What to do. Extract only the first line of the listing and every line after it up to and including the one with "केंद्रीय मंत्री डॉक्टर". Omit the pictures.

Data section.
'''

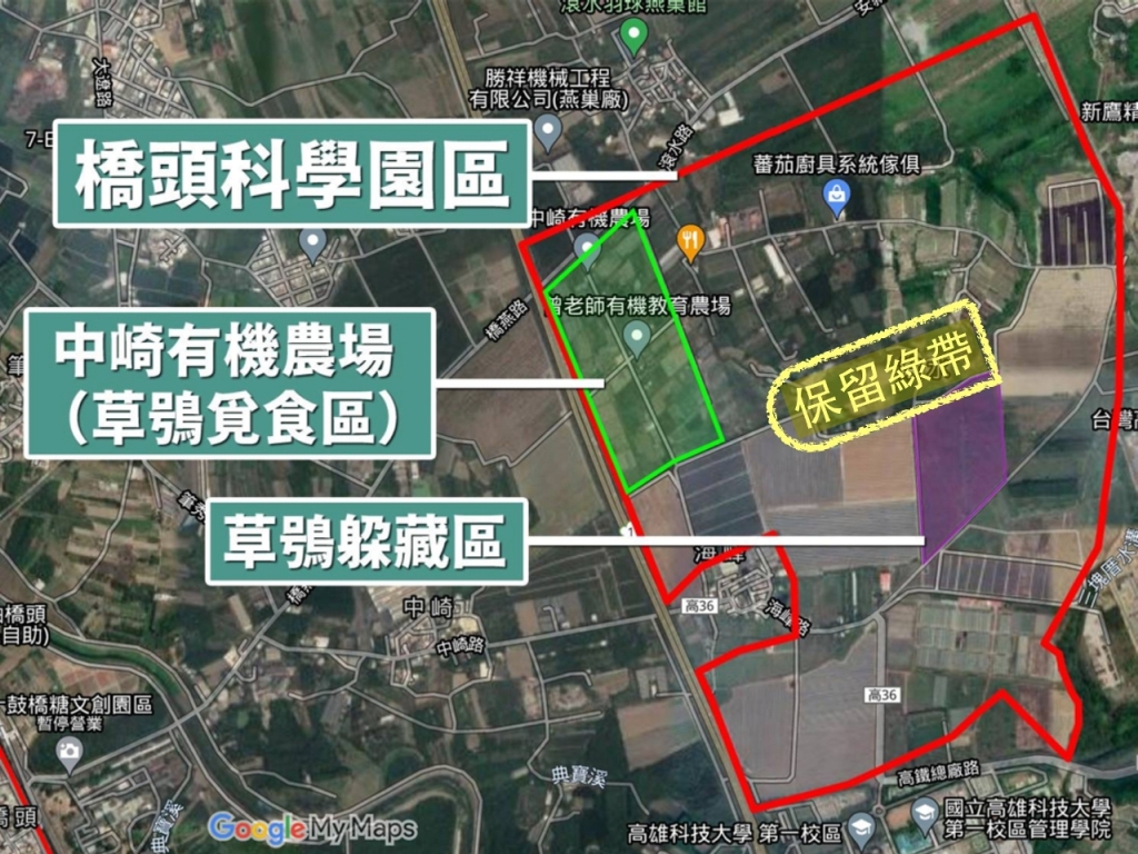 地球公民基金會主任黃斐悅表示,南科管理局並未依照一階環評的審查結論要求,在進入二階的階段提出有效的草鴞保育措施,且到了第三次審查會,仍無修改,若就此倉促通過環評,將代表橋科這個二階環評案比許多一階環評更草率。目前南科局保留的14公頃綠地是泥火山公園,並非按照草鴞調查結果規劃出來的空間,實際的覓食區及躲藏區都將被廠房取代,而若隱蔽性及食物來源(鼠類)大幅減少,草鴞很可能在此消失。當初一階環評結論明確要求「擬具保育類物種之保育措施及補償計畫」,本案最亟需處理的瀕滅物種,就是可能僅剩五百隻的草鴞,強烈要求環評委員應等看到南科局重新針對該物種的特性提出有效的保育計畫,才能通過本案。
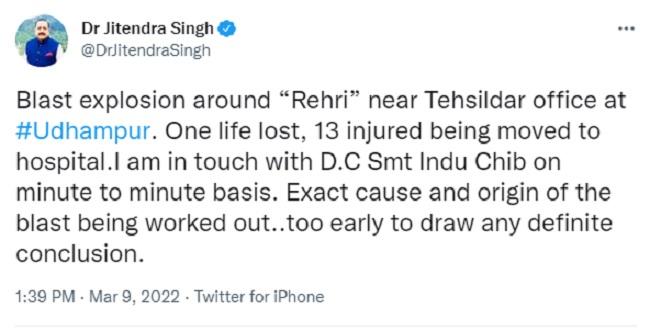 केंद्रीय मंत्री डॉक्टर जितेंद्र सिंह ने भी इस घटना को लेकर ट्वीट किया है. डॉक्टर जितेंद्र सिंह ने ट्वीट कर बताया है कि विस्फोट की घटना तहसीलदार कार्यालय के करीब हुई. घटना को लेकर डीसी इंदु चीब के संपर्क में हूं. गौरतलब है कि जम्मू कश्मीर में आतंकी घटनाएं फिर से बढ़ती दिख रही हैं. अभी चंद दिन पहले ही श्रीनगर के लाल चौक पर भी आतंकियों ने ग्रेनेड हमला किया था. सुरक्षाबलों को निशाना बनाकर आतंकियों ने ग्रेनेड फेंका था.
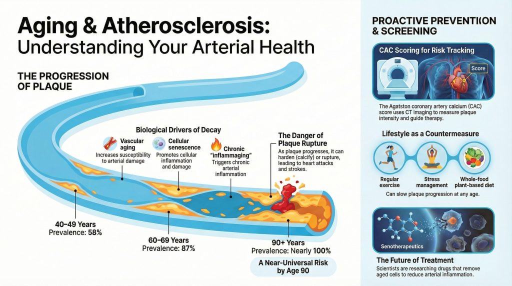 As we age, our immune system changes—a phenomenon called immunosenescence. It becomes less efficient at resolving inflammation, allowing plaque to persist and grow. Persistent, low-level inflammation (“inflammaging”) contributes to the worsening of atherosclerosis over time.
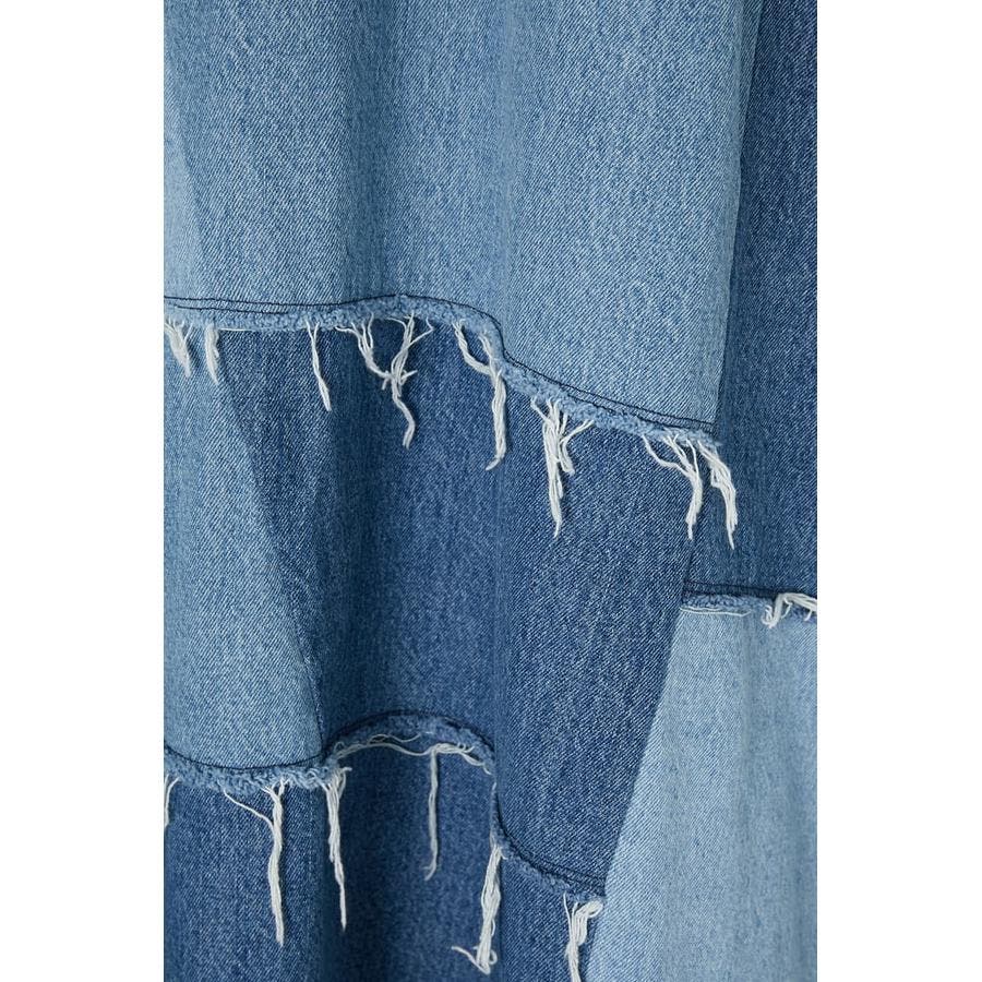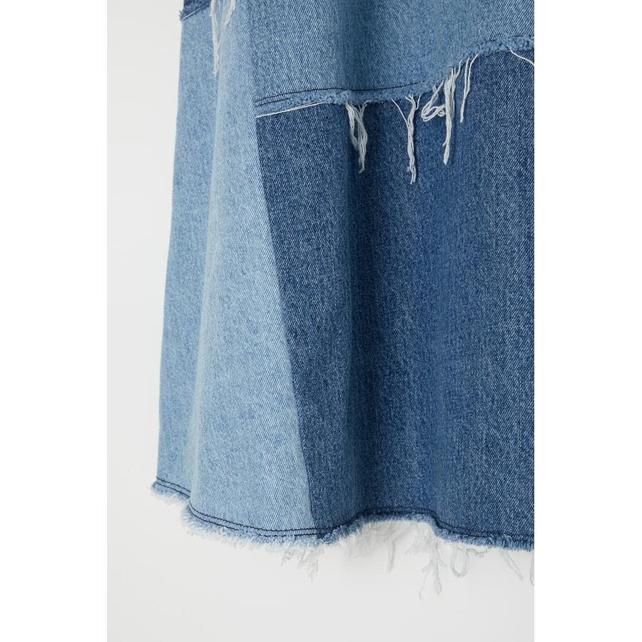 大胆なパネル切り替えが入ったデニムロングスカート。ランダムにカットオフディテールを入れることでよりヴィンテージ感のある仕上がりに。履いた際に立体感がでるよう、濃淡のついた生地を使用しています。着丈もあえて長めのマキシ丈に設定しているので、シンプルなトップスに合わせるだけで決まる一枚です。

'''

Answer to this problem.
 地球公民基金會主任黃斐悅表示,南科管理局並未依照一階環評的審查結論要求,在進入二階的階段提出有效的草鴞保育措施,且到了第三次審查會,仍無修改,若就此倉促通過環評,將代表橋科這個二階環評案比許多一階環評更草率。目前南科局保留的14公頃綠地是泥火山公園,並非按照草鴞調查結果規劃出來的空間,實際的覓食區及躲藏區都將被廠房取代,而若隱蔽性及食物來源(鼠類)大幅減少,草鴞很可能在此消失。當初一階環評結論明確要求「擬具保育類物種之保育措施及補償計畫」,本案最亟需處理的瀕滅物種,就是可能僅剩五百隻的草鴞,強烈要求環評委員應等看到南科局重新針對該物種的特性提出有效的保育計畫,才能通過本案。
 केंद्रीय मंत्री डॉक्टर जितेंद्र सिंह ने भी इस घटना को लेकर ट्वीट किया है. डॉक्टर जितेंद्र सिंह ने ट्वीट कर बताया है कि विस्फोट की घटना तहसीलदार कार्यालय के करीब हुई. घटना को लेकर डीसी इंदु चीब के संपर्क में हूं. गौरतलब है कि जम्मू कश्मीर में आतंकी घटनाएं फिर से बढ़ती दिख रही हैं. अभी चंद दिन पहले ही श्रीनगर के लाल चौक पर भी आतंकियों ने ग्रेनेड हमला किया था. सुरक्षाबलों को निशाना बनाकर आतंकियों ने ग्रेनेड फेंका था.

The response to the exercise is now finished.